### [Raw data]

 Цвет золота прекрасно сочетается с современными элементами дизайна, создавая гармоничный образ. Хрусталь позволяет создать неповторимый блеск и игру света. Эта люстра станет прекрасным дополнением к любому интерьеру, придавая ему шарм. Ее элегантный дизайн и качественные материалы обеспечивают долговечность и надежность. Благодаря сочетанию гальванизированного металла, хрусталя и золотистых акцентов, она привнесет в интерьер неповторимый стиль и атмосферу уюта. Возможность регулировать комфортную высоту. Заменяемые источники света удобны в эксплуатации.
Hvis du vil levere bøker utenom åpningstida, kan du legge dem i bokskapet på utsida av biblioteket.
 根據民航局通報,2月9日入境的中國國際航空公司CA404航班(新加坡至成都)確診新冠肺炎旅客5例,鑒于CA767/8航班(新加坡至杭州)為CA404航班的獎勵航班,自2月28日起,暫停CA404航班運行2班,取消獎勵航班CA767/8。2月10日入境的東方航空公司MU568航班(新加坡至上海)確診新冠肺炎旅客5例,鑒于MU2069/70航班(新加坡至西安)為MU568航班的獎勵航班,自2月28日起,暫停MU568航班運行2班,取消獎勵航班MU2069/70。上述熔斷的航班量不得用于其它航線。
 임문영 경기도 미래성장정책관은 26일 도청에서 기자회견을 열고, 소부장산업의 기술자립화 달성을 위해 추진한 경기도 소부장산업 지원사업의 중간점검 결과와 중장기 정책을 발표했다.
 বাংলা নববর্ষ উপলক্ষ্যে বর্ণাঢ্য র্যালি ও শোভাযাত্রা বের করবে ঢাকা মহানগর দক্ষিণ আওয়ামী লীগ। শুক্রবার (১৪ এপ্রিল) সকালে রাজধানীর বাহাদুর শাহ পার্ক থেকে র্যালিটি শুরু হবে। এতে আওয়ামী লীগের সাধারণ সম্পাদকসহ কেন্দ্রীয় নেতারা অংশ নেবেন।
* * *
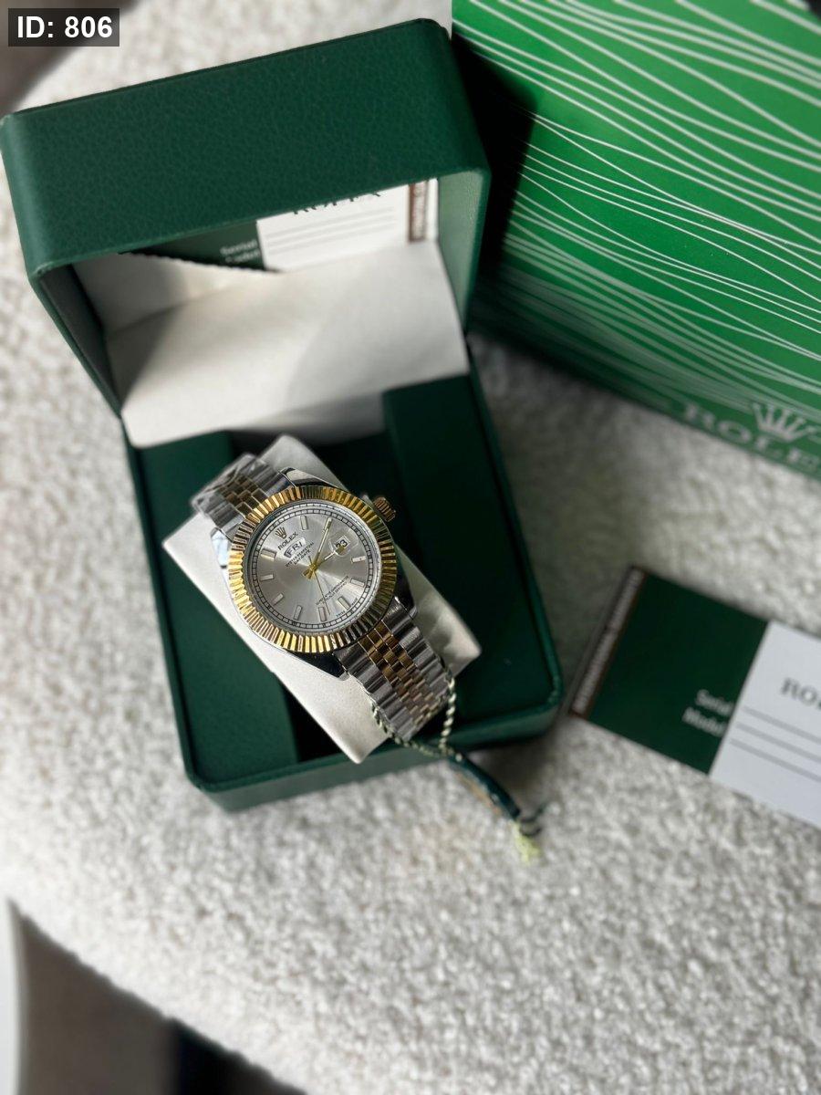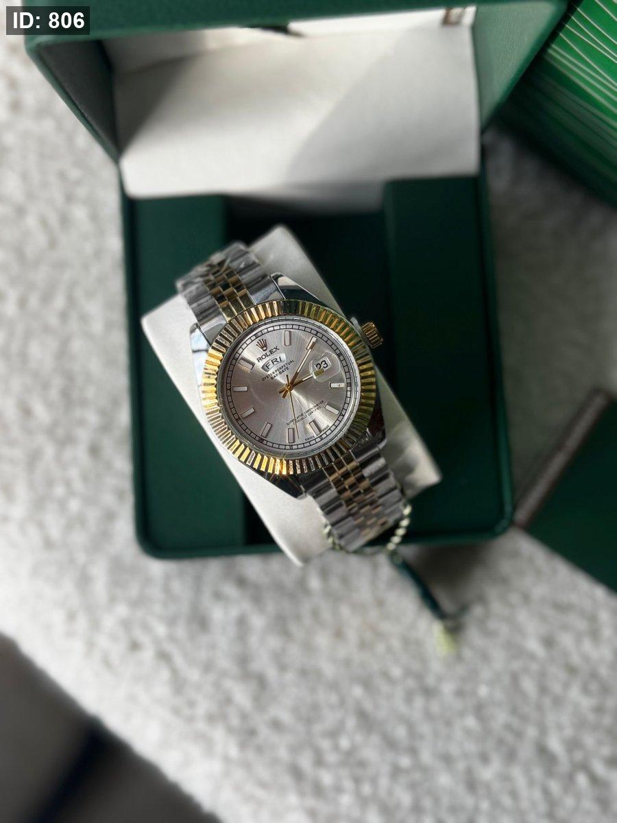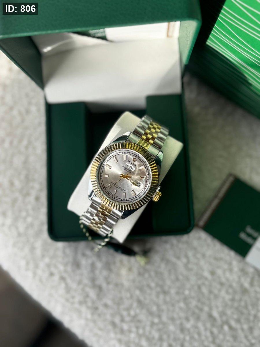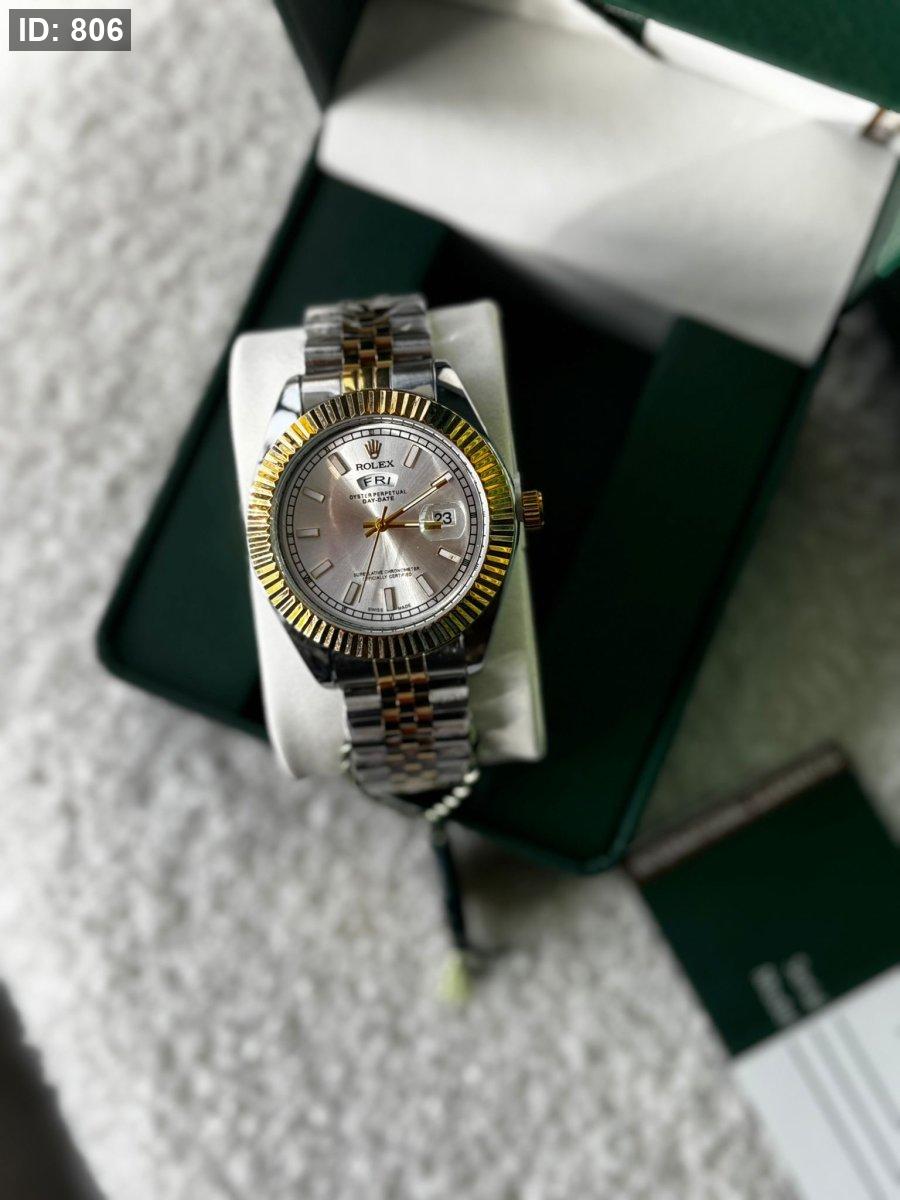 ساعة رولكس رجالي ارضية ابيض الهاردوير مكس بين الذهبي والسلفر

### [Exercise]
For the listing above, print only the lines starting at the line containing "임문영 경기도 미래성장정책관은" and ending at the line containing "বাংলা নববর্ষ উপলক্ষ্যে", exactly, both included.

### [Solution to this exercise]
 임문영 경기도 미래성장정책관은 26일 도청에서 기자회견을 열고, 소부장산업의 기술자립화 달성을 위해 추진한 경기도 소부장산업 지원사업의 중간점검 결과와 중장기 정책을 발표했다.
 বাংলা নববর্ষ উপলক্ষ্যে বর্ণাঢ্য র্যালি ও শোভাযাত্রা বের করবে ঢাকা মহানগর দক্ষিণ আওয়ামী লীগ। শুক্রবার (১৪ এপ্রিল) সকালে রাজধানীর বাহাদুর শাহ পার্ক থেকে র্যালিটি শুরু হবে। এতে আওয়ামী লীগের সাধারণ সম্পাদকসহ কেন্দ্রীয় নেতারা অংশ নেবেন।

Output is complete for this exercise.